Project C.U.R.E. maintains collection centers in Albuquerque, NM, Austin, TX, Basalt, CO, Brooklyn, NY, Grand Junction, CO, Harrisburg, PA, Ithaca, NY, Lexington, KY, Sarasota, FL, and Tampa, FL.

==Financial Accountability==
PROJECT C.U.R.E. uses the majority of its funding into the completion of its projects. 98.6% of PROJECT C.U.R.E.'s total annual spending is made up of program expenses. Administrative expenses total 0.7% of the organization's budget and fundraising expenses constitute 0.6% of total annual spending.

==Programs==
=== ProCURE ===
ProCURE is the name of the project in which PROJECT C.U.R.E. collects new and overstock medical supplies and working equipment from manufacturers, wholesale suppliers, hospitals, clinics and individuals. The goods obtained from ProCURE are then sorted and inventoried at PROJECT C.U.R.E. distribution centers before being sent to hospitals and clinics in developing counties.

===Corps===
The C.U.R.E. Corps is the volunteer member group for PROJECT C.U.R.E. made up of individuals, families, civic and church groups. Volunteer tasks include contacting hospitals and doctors for donations, collecting donations, sorting supplies, packing boxes, and loading supplies onto cargo containers to be shipped.

===Cargo===
Cargo containers for PROJECT C.U.R.E. are the size of a semi-truck trailer. Each container holds an average of $400,000 in medical supplies and equipment. On average, PROJECT C.U.R.E. delivers two cargo containers a week to developing nations.

===Kits===
C.U.R.E. Kits are boxes which contain essential medical supplies and equipment to be carried as luggage on an international flight. C.U.R.E. Kits are designed to meet the needs for short-term medical missions abroad and can be shipped directly to the traveler's home.

===Clinics===
C.U.R.E. Clinics prove an avenue for volunteer medical professionals to travel to developing countries where they are able to offer medical services. Location in which PROJECT C.U.R.E. Clinics have operated include: Guatemala, Kenya, Rwanda, Ghana, Bolivia, China, and Togo.

===Kits for Kids===
C.U.R.E. Kits for Kids is a program where drawstring backpacks are filled with personal hygiene and basic "medicine cabinet" items that are scarce in the third world.

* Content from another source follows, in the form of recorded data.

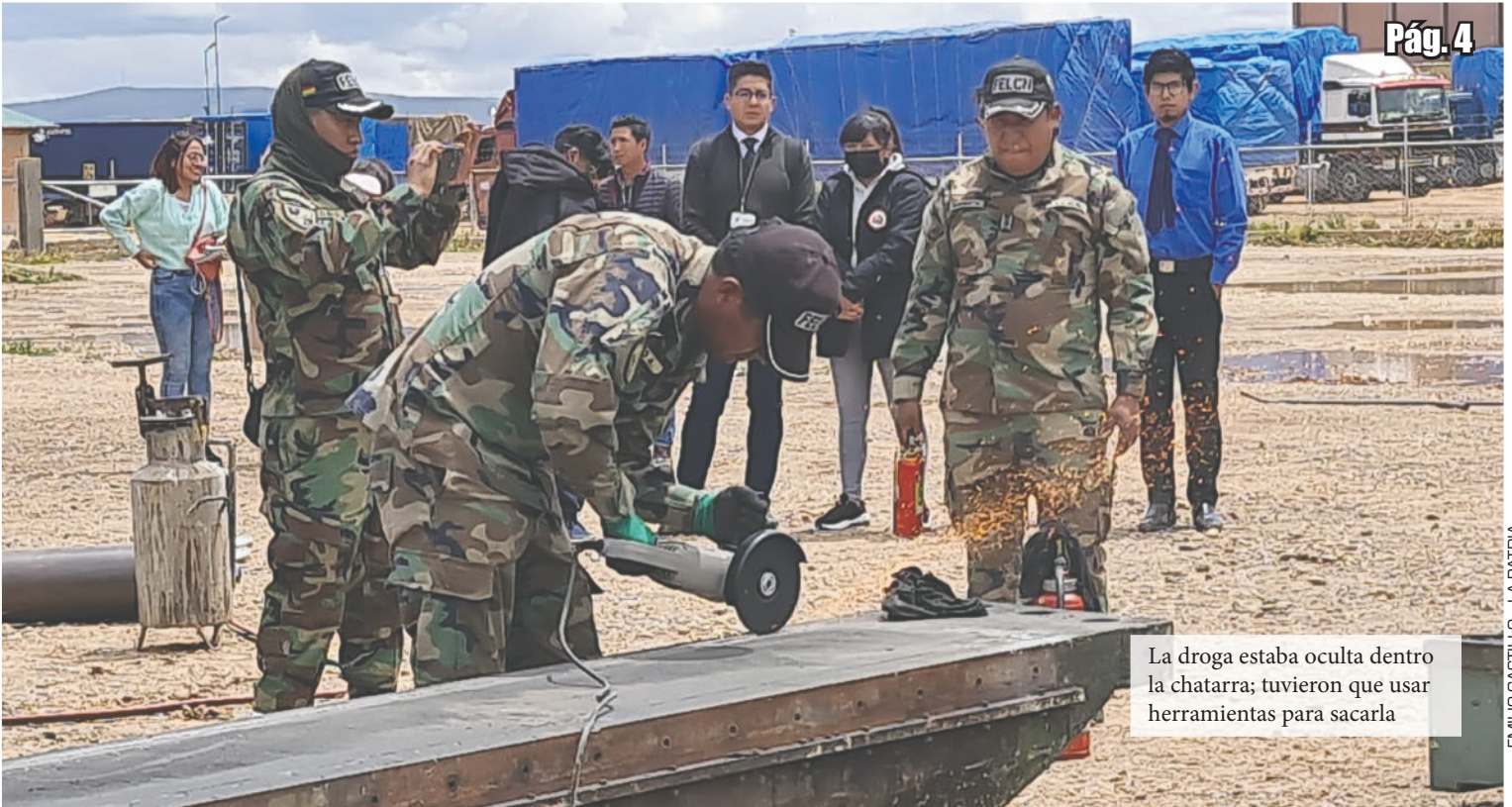
La droga estaba oculta dentro la chatarra; tuvieron que usar herramientas para sacarla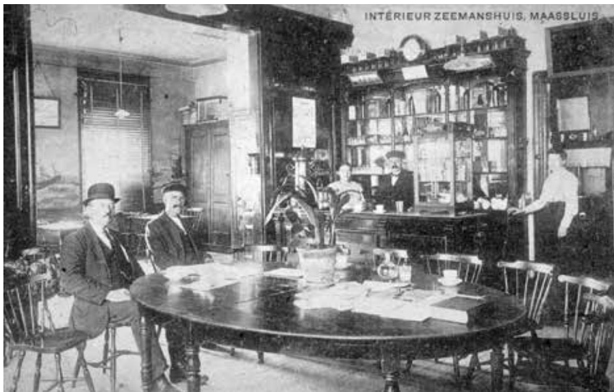
Interieur van het Zeemanshuis omstreeks 1919.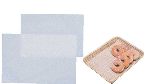
① グラシン紙 柄入 E-50 (100枚入) ㊦

Kits for Kids gives parents the supplies they need to care for their children at home. Each bag has a tag, which allows for tracking as it makes its way across the world and into the hands of a family in need.

==Leadership==
=== James W. Jackson ===
James W. Jackson is the founder and chairman emeritus of PROJECT C.U.R.E.'s board of directors. He received a Bachelor of Arts in 1963 and completed his Master of Arts in 1964. He completed postgraduate studies in economics and the University of Colorado and received a Doctor of Humanities degree from Colorado Christian University in 1997. Jackson has been awarded the Colorado "Ethics in Business Award," the American Red Cross "Healthcare Lifetime Achievement Award," and Regis University's Civis Princeps Award for his efforts in changing lives around the world.

===Dr. Douglas Jackson===
Dr. Douglas Jackson, son of the Founder James W. Jackson, became the Chief Executive Officer and President of PROJECT C.U.R.E. in 1997. Dr. Jackson served as Provost for Colorado Christian University in Lakewood, Colorado and was the Director of the Fermanian Business Center at Point Loma University in San Diego, California before working at C.U.R.E. Douglas Jackson graduated magna cum laude from Northwest Nazarene College in 1982, with a Bachelor of Arts in Business Administration. In 1985, he earned a Juris Doctor from the University of Colorado at Boulder. After becoming an attorney, Douglas directed the legal affairs for the international agricultural firm, Chore-Time/Brock (CTB), Inc. in Milford, Indiana. In 1992, he earned a Ph.D. in Business Administration from the University of Colorado at Boulder. He has also served as a director for such organizations as: HOPE International, Christian Executive Officers, YMCA, and the Leadership Denver Association.